**Problem requirements:** The lines below, from the first through the one containing "影片在韩国最大门户网站Naver上,评分高达8.37。", are to be given again exactly, with pictures left out and nothing added.

**Data for this task:**
==============================

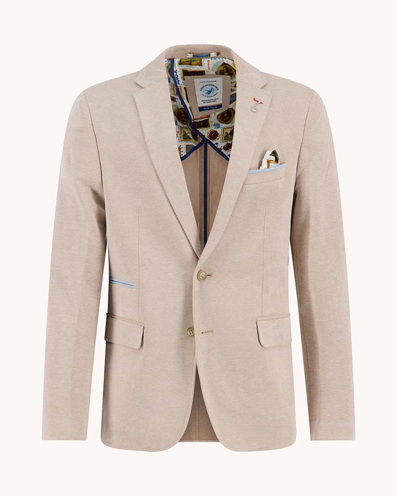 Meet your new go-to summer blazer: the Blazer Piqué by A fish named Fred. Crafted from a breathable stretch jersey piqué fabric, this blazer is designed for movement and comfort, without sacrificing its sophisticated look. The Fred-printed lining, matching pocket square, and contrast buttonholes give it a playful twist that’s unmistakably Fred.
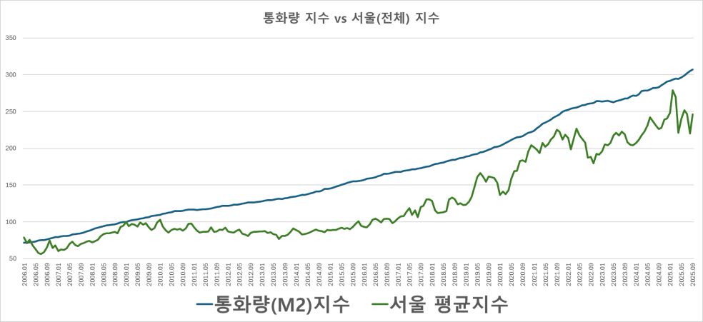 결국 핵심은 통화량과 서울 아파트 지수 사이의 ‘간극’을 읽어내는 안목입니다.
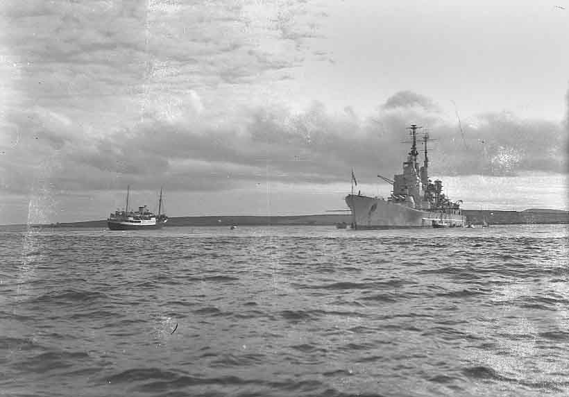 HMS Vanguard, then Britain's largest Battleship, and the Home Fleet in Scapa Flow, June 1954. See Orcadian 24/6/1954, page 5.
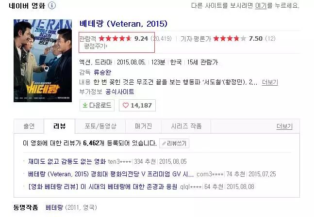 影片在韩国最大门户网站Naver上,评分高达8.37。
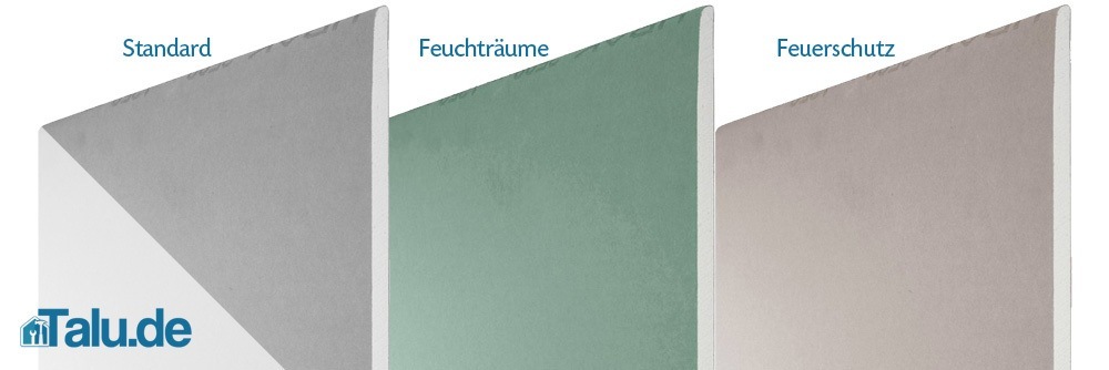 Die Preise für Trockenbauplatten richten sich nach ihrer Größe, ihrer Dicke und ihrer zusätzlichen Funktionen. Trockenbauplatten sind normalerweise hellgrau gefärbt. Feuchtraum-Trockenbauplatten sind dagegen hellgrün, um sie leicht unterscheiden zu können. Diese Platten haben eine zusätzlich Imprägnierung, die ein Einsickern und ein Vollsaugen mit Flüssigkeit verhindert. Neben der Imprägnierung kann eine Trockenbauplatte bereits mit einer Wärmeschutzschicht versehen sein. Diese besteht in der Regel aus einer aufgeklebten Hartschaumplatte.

==============================

**Reply to the task:**
 Meet your new go-to summer blazer: the Blazer Piqué by A fish named Fred. Crafted from a breathable stretch jersey piqué fabric, this blazer is designed for movement and comfort, without sacrificing its sophisticated look. The Fred-printed lining, matching pocket square, and contrast buttonholes give it a playful twist that’s unmistakably Fred.
 결국 핵심은 통화량과 서울 아파트 지수 사이의 ‘간극’을 읽어내는 안목입니다.
 HMS Vanguard, then Britain's largest Battleship, and the Home Fleet in Scapa Flow, June 1954. See Orcadian 24/6/1954, page 5.
 影片在韩国最大门户网站Naver上,评分高达8.37。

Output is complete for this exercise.